Years worth of runway is not the norm. Having your choice of senior engineers to hire right away is not the norm. Most startups exist as sinking ships.

It sounds like you lucked in to a company that raised a shitload early on and so had the luxury to make these decisions.




> Your points are incredibly divorced from the reality most face. > It sounds like you lucked in to a company that raised a shitload early on and so had the luxury to make these decisions.

I worked for a string of them early on in my career. I was miserable and worried that I'd never get anywhere better because of the scarlet letter of working at a failed company (and several of them) would be my first impression. Rather than blaming it on luck, I resolved to figure out where I went wrong and how I could avoid it in the future.

While you cannot remove the element of timing and large scale market events outside of your control, startups are about making (and learning to make) calculated risks. Mediocre startup operators love this kind of argument (so and so can do things because they raised more money than us because they're lucky not because they executed better) because it lets them escape the consequences of their own unforced errors and ineffective execution. You won't hear this argument from effective operators because it would get laughed out of the room. They know that they have to operate proactively, not reactively from (and even before) their first fundraising event.
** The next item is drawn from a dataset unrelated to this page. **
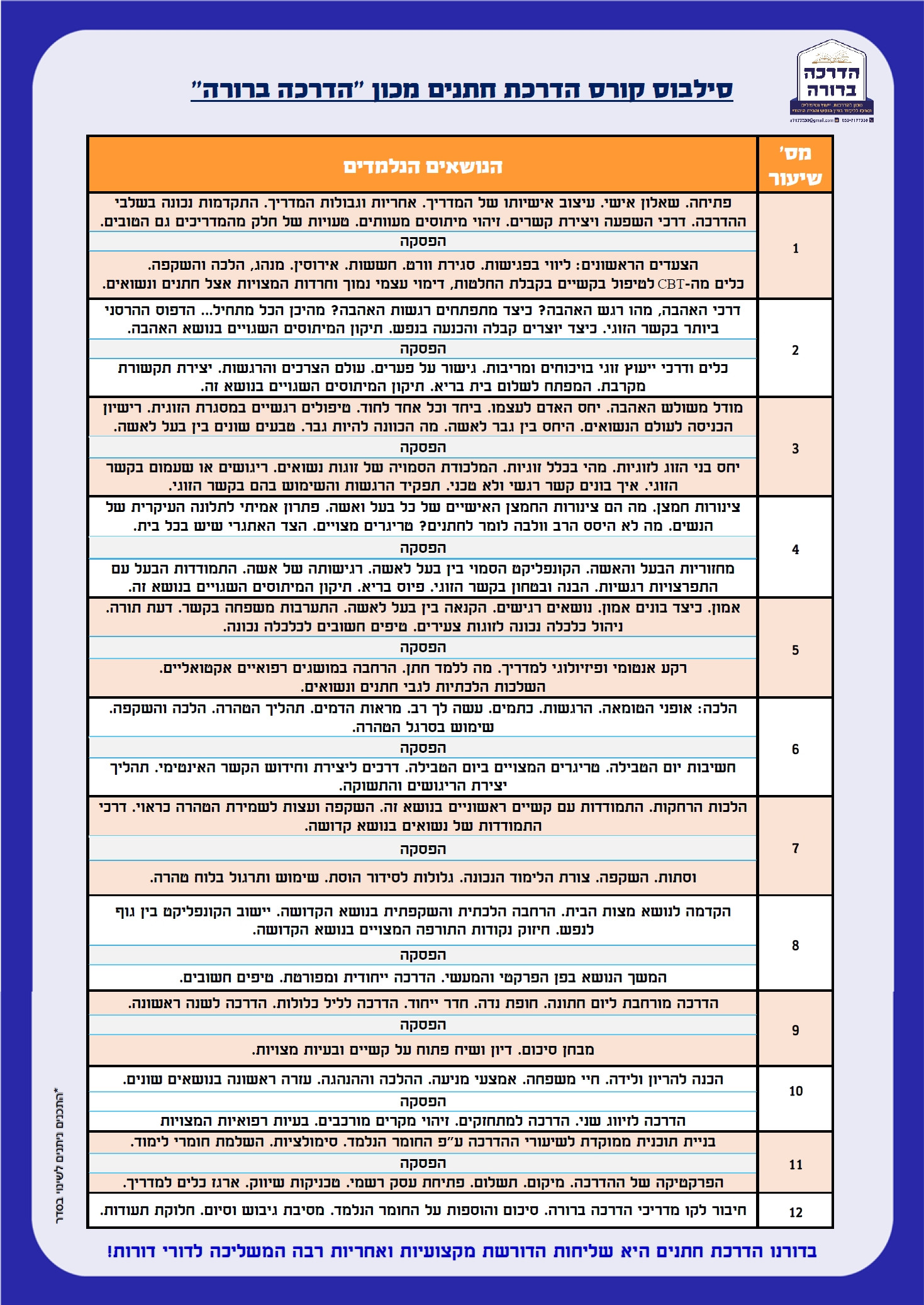 בשורה משמחת: לאור הביקוש, נפתחה ההרשמה לקורס להכשרת מדריכי חתנים, משולב עם כלים מעולם הטיפול – קורס יחיד מסוגו, מקצועי ועשיר בכלים וטכניקות להתפתחות והעצמה אישית וזוגית מעבר להתמחות בהדרכת חתנים.

The most well run companies have a tendency to create exponentially more, not less, expansion and subsequent job opportunities. My advice is don't work for a risky early stage company until you learn what success looks like somewhere bigger. At an early stage startup that's on the right track, you'll see a lot of the same things just in a smaller org. But it's hard to know what you should require unless you've at least seen what it looks like to work at a well oiled machine. Folks that tell you otherwise are either ignorant or willfully trying to pull the wool over your eyes.